Записки психиатра. Безумие королей и других правителей - Максим Иванович Малявин
А в 41 году Калигулу все же подловили и прирезали неугомонные заговорщики. И Сенат, заикнувшись было о реставрации обожаемой ими республики, быстро утерся, когда преторианцы сказали свое веское «Ша!» и бабой на чайник усадили на трон нового императора, Клавдия. Вот тогда и вышла двум сестрам Калигулы амнистия. Обе страшно обрадовались: Пандатерия – это, конечно, много моря и солнца, но уж сильно много, да и сыт ими не будешь, а поскольку братец велел оставить их там на полном самообеспечении, диета получилось жесткой. Много ли заработаешь на еду, ныряя за морскими губками и продавая их аборигенам?
Сын вернулся к матери – и события вокруг будущего императора продолжили свиваться тугой пружиной.
Амнистия-то Юлии Агриппине вышла, и радость от встречи с сыном была неподдельной, но в целом ощущения от возвращения в Рим были двойственными: будто камень, что упал с души, угодил аккурат по мизинцу на ноге. Имущество-то братец присвоил и пристроил, и вот так вот просто фарш обратно не прокрутишь. Правда, дядя Клавдий решил дело по-родственному: велел он Гаю Саллюстию Криспу Пассиену быстренько развестись со своей второй женой, Домицией Лепидой Старшей – мол, сам понимаешь, политическая и родственная необходимость, ты уж потерпи, а я тебя скоро второй раз консулом сделаю, – и жениться на Агриппине Младшей. И вскоре мать с сыном уже стояли на пороге роскошной виллы: мы к вам пришли навеки поселиться, хотели попросить у вас приют.
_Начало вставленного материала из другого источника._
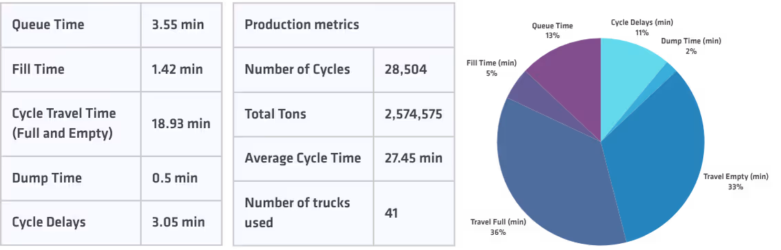 Notre client, une exploitation minière à grande échelle, cherchait à améliorer sa productivité tout en respectant ses objectifs environnementaux.Malgré l'utilisation d'une flotte de 41 camions et la réalisation de 28 504 cycles pour déplacer plus de 2,5 millions de tonnes de matériaux, l'exploitation était confrontée à des inefficacités dues aux files d'attente et aux retards des cycles.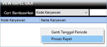 1. Buka Modul Gaji -> Transaksi -> Rapel Gaji, klik kanan tampilan kemudian pilih Proses Rapel.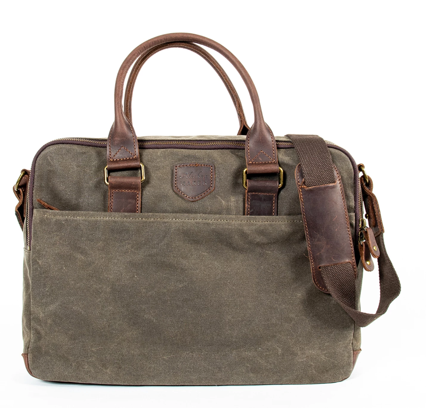 The canvas is 12oz coated cotton canvas which is thick and water-repellent and treated with stain-resistant protection. The bag is finished in real leather with brass fittings. The solid seams are supplemented with brass reinforcing rivets. To maintain the bag clean with a simple damp sponge.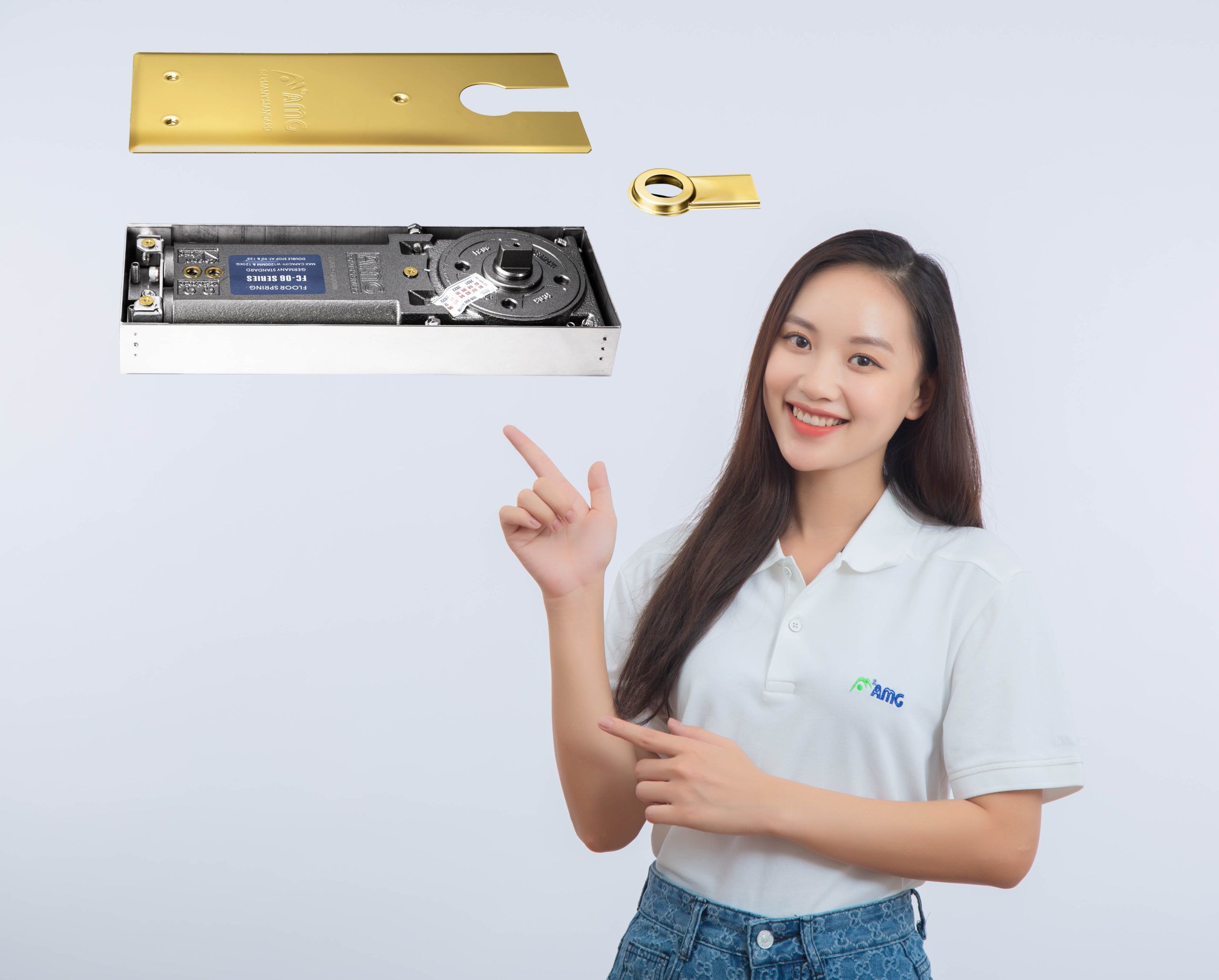 BẢN LỀ SÀN CỬA THỦY LỰC AMG MẠ VÀNG PVD CAO CẤP FC06Gold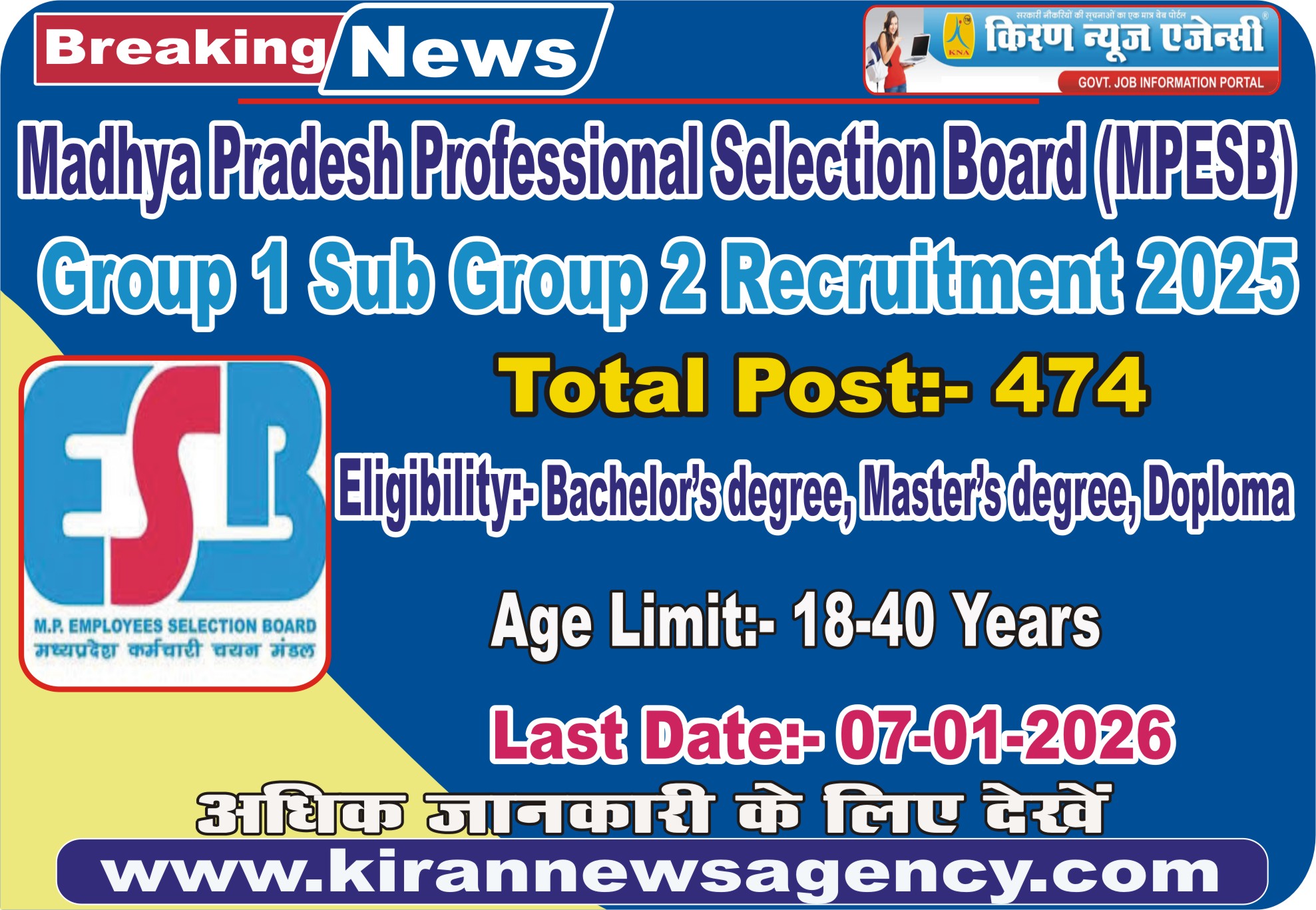 - For all the interested and eligible candidates who want to apply for MPESB Group 1 Sub Group 2 recruitment 2025 can read all the information related to the recruitment is given below and the link to apply is given in the Important Link section below.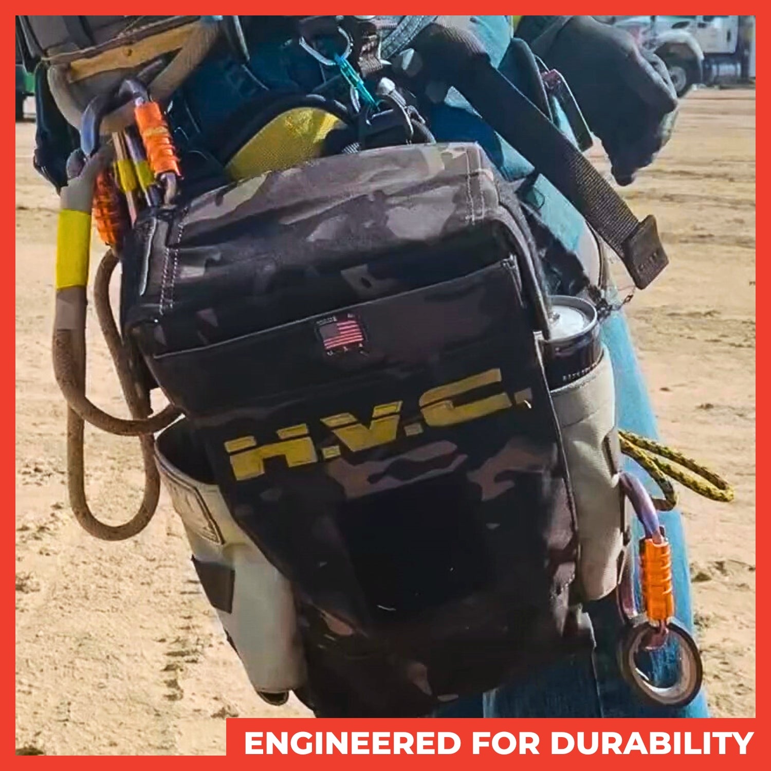 Our latest innovation features deeper pockets, versatile mounting options, and a 150 lb rating. This upgraded bag is expertly engineered for unmatched durability and adaptability in the field. Pair it with one of our stainless steel locking carabiners for even greater security and performance.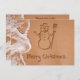 Sonnige Weihnachtsillustrierung mit einem Schneemann und frohe Weihnachten geschrieben im Sand am Strand neben dem Ozean.

Вопреки ожиданиям тех, кто помнил, как отжигали сестрички при Калигуле, Юлия Агриппина всячески старалась показать, что она встала на путь исправления и сотрудничества с администрацией: без мужа из дому ни ногой, да и его на мероприятиях сопровождает, если только он сам распорядится, политикой не занимается – словом, образцово-показательная римская матрона. И это притом что красавица и в полном цвете своих тридцати трех.
А вот политика взревновала: как это так? Мною не занимаются? Ну так я сама тобой займусь! Супруга императора Клавдия, Валерия Мессалина (да, та самая, имя которой в Риме стало нарицательным из-за ее похождений), весьма настороженно отнеслась к реабилитации бывшей соратницы по корпоративам у Калигулы. Логика была проста: мало того что эта стервь пришла на все готовое на место ее тетушки, Домиции Лепиды Старшей, так еще и отпрыск ее, мелкий Луций Домиций, который Нерон, был на три с небольшим года старше ее собственного сына, Британника. И вероятность того, что империю унаследует он, а не Британник, была ненулевой. Вывод? Наследник должен остаться один. Эй, наемники! Вам как: натурой или ауреусами? Правда, охраняли виллу Гая Саллюстия хорошо, а однажды работники плаща и кинжала, если верить легенде, сами сбежали из спальни мальчонки, роняя калиги и посылая ad corvi эту fellatrix[5], их нанимательницу. И немудрено: на подушке у пацана, свернувшись кольцами, сторожила его сон змеюка! Так что история про мальчика, который выжил, родилась сильно раньше Гарри Поттера.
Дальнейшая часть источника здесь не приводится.